▶ Data in this exercise
=== Begin Enclosure ===

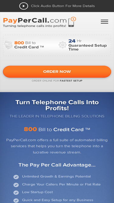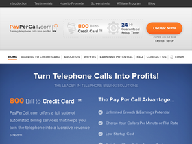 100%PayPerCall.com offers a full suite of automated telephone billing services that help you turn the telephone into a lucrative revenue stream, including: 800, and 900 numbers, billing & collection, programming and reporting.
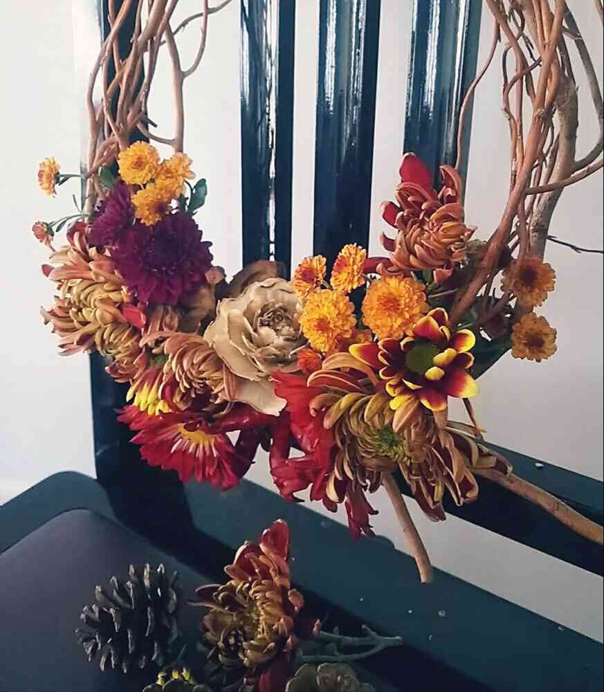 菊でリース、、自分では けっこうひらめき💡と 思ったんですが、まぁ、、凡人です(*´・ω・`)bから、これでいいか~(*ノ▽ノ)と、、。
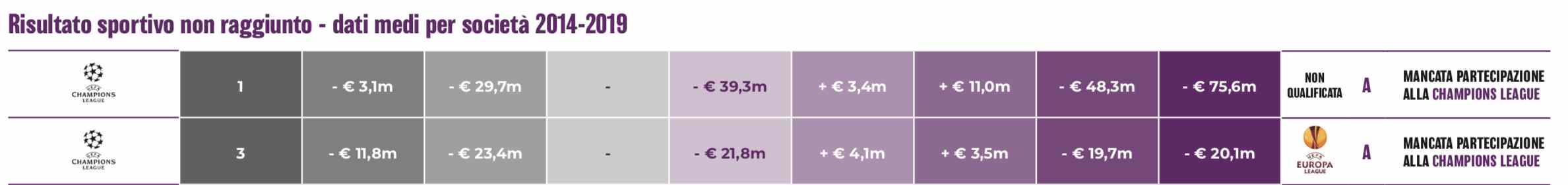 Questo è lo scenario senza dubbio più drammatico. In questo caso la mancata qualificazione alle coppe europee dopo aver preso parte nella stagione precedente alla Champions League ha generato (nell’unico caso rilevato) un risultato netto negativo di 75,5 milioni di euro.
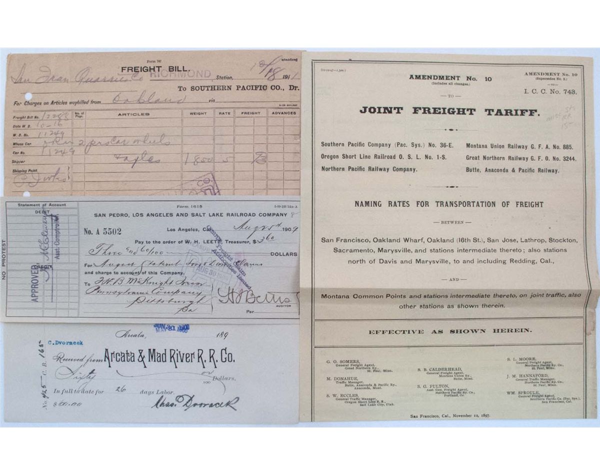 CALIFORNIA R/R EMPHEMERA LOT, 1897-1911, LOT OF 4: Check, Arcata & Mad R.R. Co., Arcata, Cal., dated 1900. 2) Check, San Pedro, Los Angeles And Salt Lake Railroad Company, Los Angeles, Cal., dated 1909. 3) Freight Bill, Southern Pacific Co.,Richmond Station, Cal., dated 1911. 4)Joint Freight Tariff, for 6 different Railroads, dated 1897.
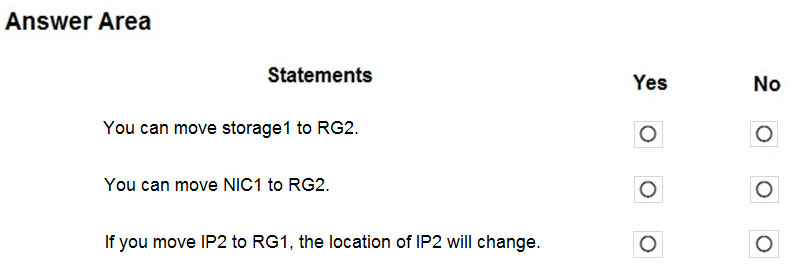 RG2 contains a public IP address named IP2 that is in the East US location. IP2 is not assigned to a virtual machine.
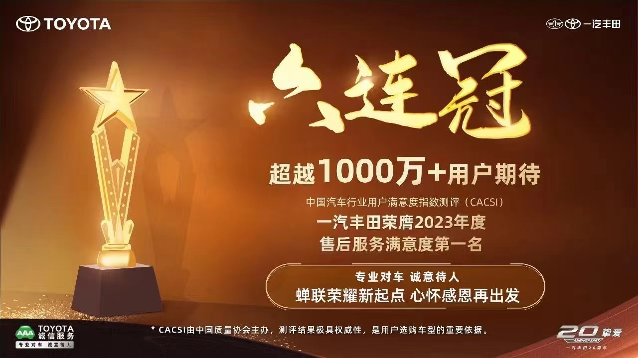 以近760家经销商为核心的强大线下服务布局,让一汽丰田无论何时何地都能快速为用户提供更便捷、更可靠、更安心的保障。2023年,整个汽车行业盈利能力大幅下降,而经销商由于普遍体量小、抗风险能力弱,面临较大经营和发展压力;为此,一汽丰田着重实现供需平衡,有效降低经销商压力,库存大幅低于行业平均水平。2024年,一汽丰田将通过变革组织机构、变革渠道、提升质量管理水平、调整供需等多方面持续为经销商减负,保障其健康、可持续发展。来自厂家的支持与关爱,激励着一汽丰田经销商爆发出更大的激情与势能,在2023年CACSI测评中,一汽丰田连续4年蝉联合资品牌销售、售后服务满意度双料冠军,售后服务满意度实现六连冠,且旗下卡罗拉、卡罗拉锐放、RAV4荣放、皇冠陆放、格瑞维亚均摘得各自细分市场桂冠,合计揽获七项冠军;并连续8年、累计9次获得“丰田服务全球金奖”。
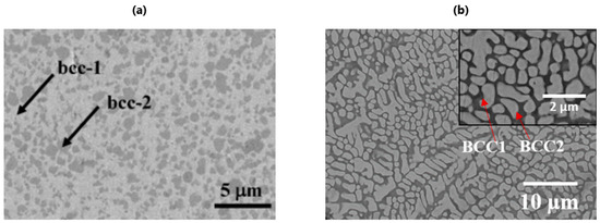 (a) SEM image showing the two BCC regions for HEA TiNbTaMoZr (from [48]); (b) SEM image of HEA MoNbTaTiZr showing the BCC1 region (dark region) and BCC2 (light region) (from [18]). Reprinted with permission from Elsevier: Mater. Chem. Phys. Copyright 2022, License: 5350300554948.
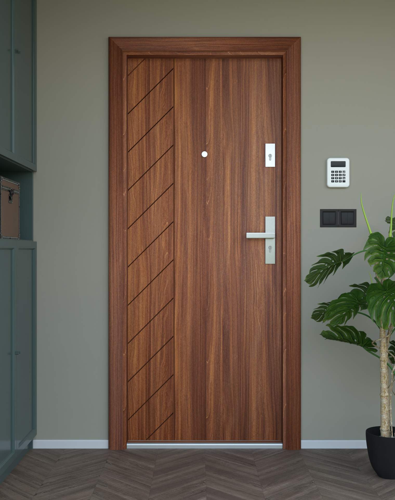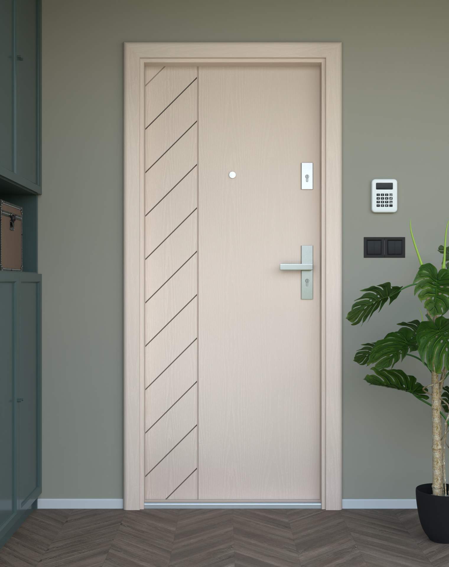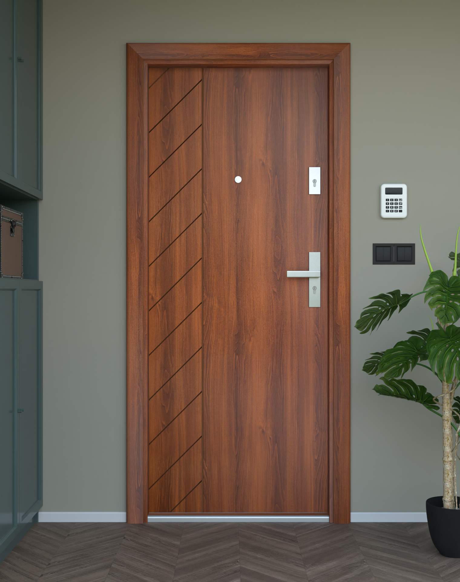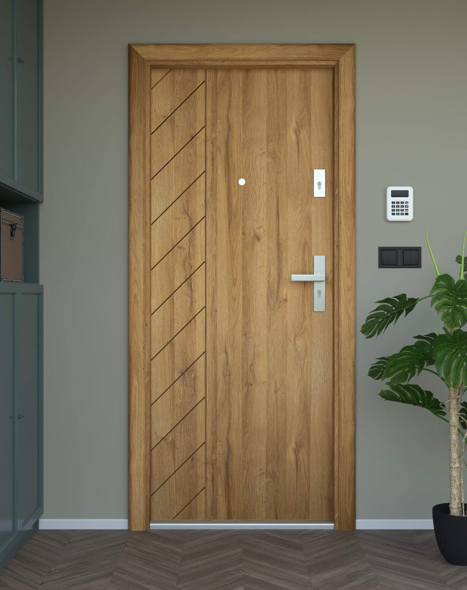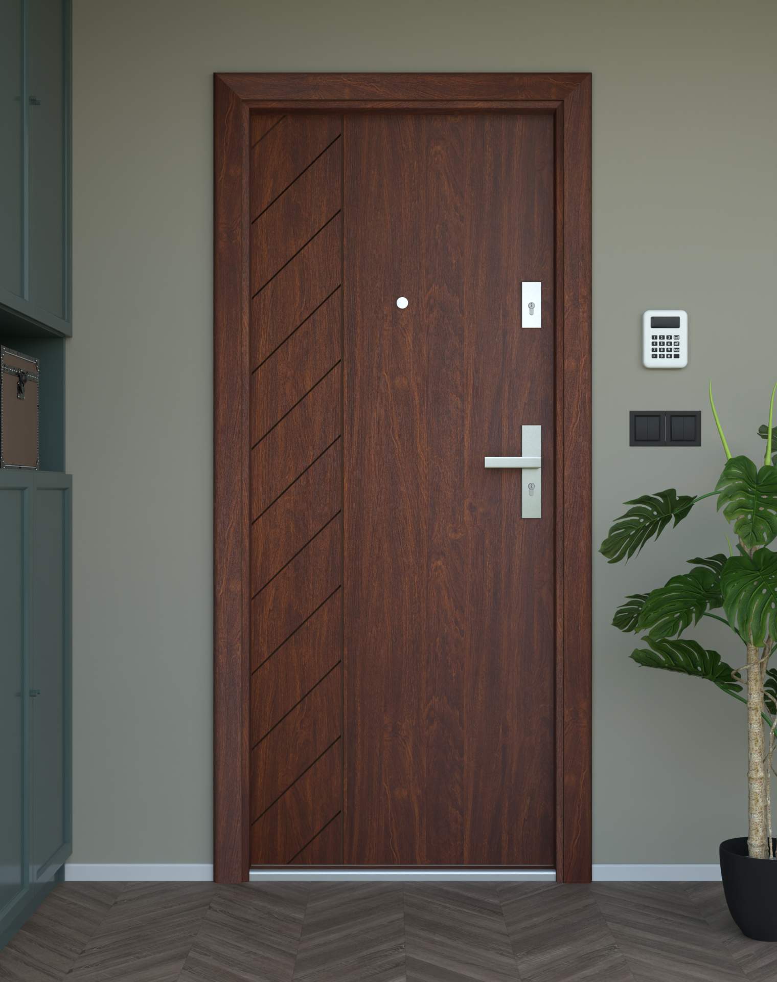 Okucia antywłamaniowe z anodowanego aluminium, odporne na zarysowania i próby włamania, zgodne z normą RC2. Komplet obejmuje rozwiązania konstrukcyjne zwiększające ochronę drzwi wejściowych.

=== End Enclosure ===
=== Begin Enclosure ===

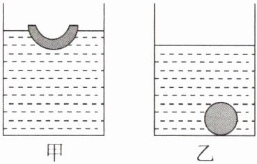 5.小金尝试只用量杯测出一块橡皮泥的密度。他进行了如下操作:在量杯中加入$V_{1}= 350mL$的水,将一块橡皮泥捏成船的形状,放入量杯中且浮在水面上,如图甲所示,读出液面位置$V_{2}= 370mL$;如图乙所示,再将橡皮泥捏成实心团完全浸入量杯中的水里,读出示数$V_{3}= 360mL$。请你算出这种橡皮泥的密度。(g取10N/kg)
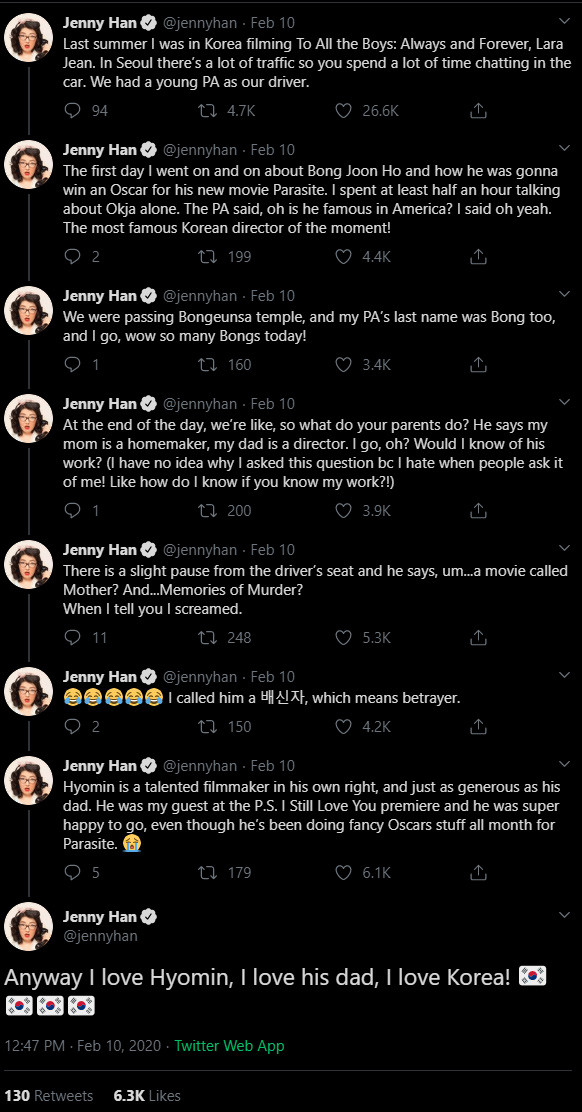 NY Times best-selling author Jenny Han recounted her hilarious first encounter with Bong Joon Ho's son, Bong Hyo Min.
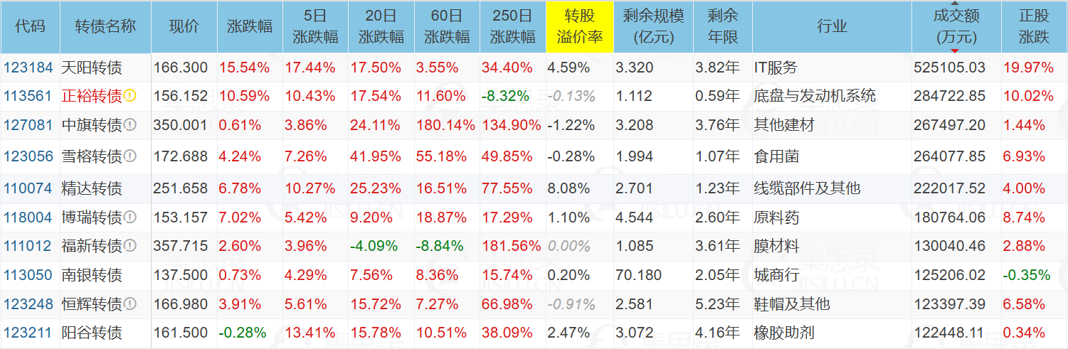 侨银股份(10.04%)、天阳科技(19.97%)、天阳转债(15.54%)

=== End Enclosure ===

▶ Work required
Output exactly the lines of the listing above that start with the one holding "(a) SEM image" and go on through the one holding "Okucia antywłamaniowe z"; leave the pictures out.

▶ Solution
 (a) SEM image showing the two BCC regions for HEA TiNbTaMoZr (from [48]); (b) SEM image of HEA MoNbTaTiZr showing the BCC1 region (dark region) and BCC2 (light region) (from [18]). Reprinted with permission from Elsevier: Mater. Chem. Phys. Copyright 2022, License: 5350300554948.
 Okucia antywłamaniowe z anodowanego aluminium, odporne na zarysowania i próby włamania, zgodne z normą RC2. Komplet obejmuje rozwiązania konstrukcyjne zwiększające ochronę drzwi wejściowych.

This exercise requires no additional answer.